If marriage is considered a "business transaction" by most, which is absolutely pathetic I might add, my God what a horrible, horrible investment I made. I supported some flunky woman with absolutely nothing, never has supported herself for 30 seconds, comes from a broke, broken home of uneducated fools who define mediocrity. I dumped tens of thousands of dollars into this person trying to help her better herself, never got **** in return,

 

anytime you get that "I want my family back" feeling read the above over and over

 

except a child that she conveniently tried to take away from me, even after I afforded this ingrate the luxury of being a stay at home mother for THREE YEARS, and now I have to sit back as my son is raised at some dirtbags home that she is running game on and sponging off of.

 

this is your reality, it's not what you signed up for but you need to really let her go...

 

Oh, and so far I'd say I'm about $20k down and still owe about another $10k, lost my job, my friends, the respect of my family, and most importantly, my confidence.

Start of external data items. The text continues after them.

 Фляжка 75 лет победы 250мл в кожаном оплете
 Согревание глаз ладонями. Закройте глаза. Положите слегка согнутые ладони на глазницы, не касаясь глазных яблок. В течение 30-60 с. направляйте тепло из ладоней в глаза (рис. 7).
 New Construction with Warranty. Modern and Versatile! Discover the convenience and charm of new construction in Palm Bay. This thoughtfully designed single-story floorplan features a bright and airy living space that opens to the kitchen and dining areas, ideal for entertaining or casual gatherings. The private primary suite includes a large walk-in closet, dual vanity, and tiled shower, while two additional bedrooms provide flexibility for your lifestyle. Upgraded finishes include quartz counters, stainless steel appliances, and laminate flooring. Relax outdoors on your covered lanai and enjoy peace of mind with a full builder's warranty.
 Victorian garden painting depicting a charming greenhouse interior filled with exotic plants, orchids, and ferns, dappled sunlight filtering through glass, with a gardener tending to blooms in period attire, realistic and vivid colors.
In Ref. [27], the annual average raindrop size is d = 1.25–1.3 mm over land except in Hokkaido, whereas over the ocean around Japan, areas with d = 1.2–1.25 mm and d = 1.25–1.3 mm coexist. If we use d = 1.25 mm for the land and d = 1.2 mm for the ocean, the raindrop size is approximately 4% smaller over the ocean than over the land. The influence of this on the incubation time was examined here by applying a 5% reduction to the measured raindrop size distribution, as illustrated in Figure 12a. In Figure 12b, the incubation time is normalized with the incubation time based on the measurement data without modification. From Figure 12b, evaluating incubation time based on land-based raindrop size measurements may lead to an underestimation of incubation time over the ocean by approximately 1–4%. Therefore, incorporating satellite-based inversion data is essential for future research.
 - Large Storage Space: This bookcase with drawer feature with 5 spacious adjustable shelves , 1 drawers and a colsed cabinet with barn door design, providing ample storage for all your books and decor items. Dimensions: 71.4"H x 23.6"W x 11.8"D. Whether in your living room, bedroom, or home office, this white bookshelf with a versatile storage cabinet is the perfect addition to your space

Ever letting this piece of trash into my life?

 

money can be made again... losing a job is difficult, I'm sure it was like salt on the wounds... you lost friends because of this? then they were never truly friends... respect from the family? are you sure? is it that you just see it that way?... confidence - rebuild it!

 

Worst. Decision. Ever.

 

hen start making better decisions starting NOW. Why do I keep telling you the same stuff over and over? because I was you 16 years ago... I was hurt and bitter and broke and lost. Then one day a friend who was always there for me said flat out - "enough is enough, stop the whining, it's been 6 months, you need to let her go and be a dad to those kids of yours" at first my reaction was the usual "you don't know what it is like, this is unfair..." and then a few days later I got it, and I never looked back since. Sure I have said not so nice things about her since but from that point on I never let her stop me from doing what I needed to do...

 

So I'm going to say to you what needs to be said now: Let her go. Let her have her life with her new man. Stop blaming her. Every ounce of energy you waste on her is time taken away from the things you REALLY need to do. Pray that your ex and her man are good to your boy when he is with them. It's understandable to bash the OM early on, heck maybe it's good therapy but stop the name calling already. He is a big part of your boys life and since he's still around there is a chance he'll be around for a while.

 

You have been apart from your ex for over a year now. Your time is now. Don't waste another second - your boy needs his dad, he needs him at 100%.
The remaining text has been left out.